Waldemar Kolbusz Extends a Great Painterly Tradition

by Byron Coleman, GALLERY & STUDIO MAGAZINE, NEW YORK
Feb/Mar 2004, p9

Here in the U.S., our stereotypical notion of Australian modern art is a kind of rough-hewn, primitivistic figuration, often dealing with myths of the Outback, in the manner of Sidney Nolan and Russell Drysdale. After all, there is a rich tradition of such art in Australia and one could not fault a young artist for falling under its spell.

At age 33, Waldemar Kolbusz, however, is a painter with a more global view who has been widely collected and publicized in Australia for paintings that take their inspiration from modern American masters such as Mark Rothko and Clyfford Still. Kolbusz, puts his own spin on the aesthetics of the New York School, creating paintings that extend its tradition in a unique manner, as seen in his recent exhibition at Agora Gallery, 415 West Broadway, in Soho.

What strikes one immediately upon encountering Kolbusz’s large oils on canvas or linen is his unique approach to both color and composition. As a colorist, he has achieved a singular synthesis of Hans Hofmann’s boldness and Mark Rothko’s muted subtlety. Which is to say: Like Hofmann, Kolbusz employs brilliant hues, particularly reds, yellows, and blues, with impressive intrepidness. However, he modulates them in a manner that make his hues seem to smolder rather than to scream, and in that regard his sensibility seems closer to that of Rothko.

Although the exact alchemy through which he accomplishes his effects remains mysterious, as it does with any good painter, Kolbusz appears to layer his colors in luminous glazes rather than applying them alla prima.

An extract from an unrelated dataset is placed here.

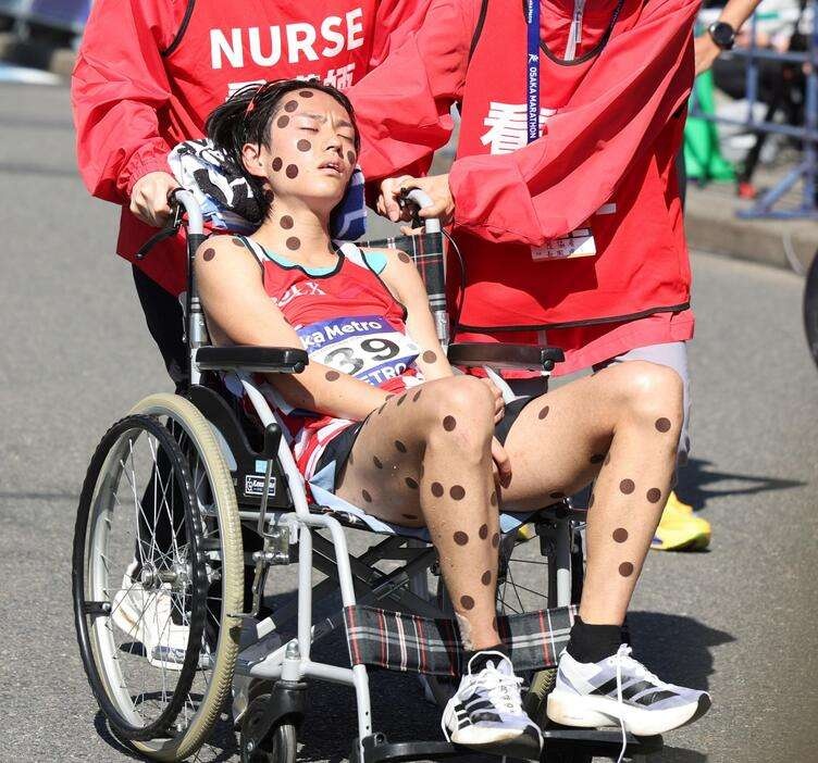 ゴール後には自分で起き上がることができず、スタッフに寝たまま給水してもらうシーンも。その後、車椅子で救護室へ運ばれていた。

This may account for the subtle modulations he achieves with hues that seem to overlap like filmy veils, creating a smoky sense of depth, even while his bold rectangular forms hold fast to the picture plane, asserting its two dimensionality.

Thus Kolbusz animates his canvases with the tug-of-war between illusory and actual space that Hofmann called “push and pull.” And like Hofmann and Rothko, Kolbusz builds his compositions with mostly rectangular shapes, albeit blocked in with bold, broad strokes that eschew hard-edged precision for a juicy looseness. Geometry and gesture converge dynamically in the canvases of Waldemar Kolbusz to achieve a vigorous synthesis at once sensual and architectural.

Like Brice Marden and very few other contemporary painters, Kolbusz has been able to extend the lessons of the Abstract Expressionists and turn them to his own ends in order to forge a visual vocabulary altogether his own. It is built upon both an intellectual comprehension of the painterly tradition to which he belongs and an intuitive ability to trust the spontaneous impulses of his own sensibility. He appears able to rein these gestural impulses in and ride them to victory within the embattled arena of the large canvas.

Much to his credit, Kolbusz does not indulge in the distancing strategies that we see in much postmodern abstraction, wherein the artist hedges his bets in the manner of the Neo Geo school by coyly skirting the unabashed passion that made the work of the New York School so vitally exciting. Rather, Waldemar Kolbusz takes those risks, those glorious gambles that, as Hofmann once put it, enable the artist “to transform the material with which he works back into the sphere of the spirit.” And for that we should all be grateful to this adventurous Australian painter.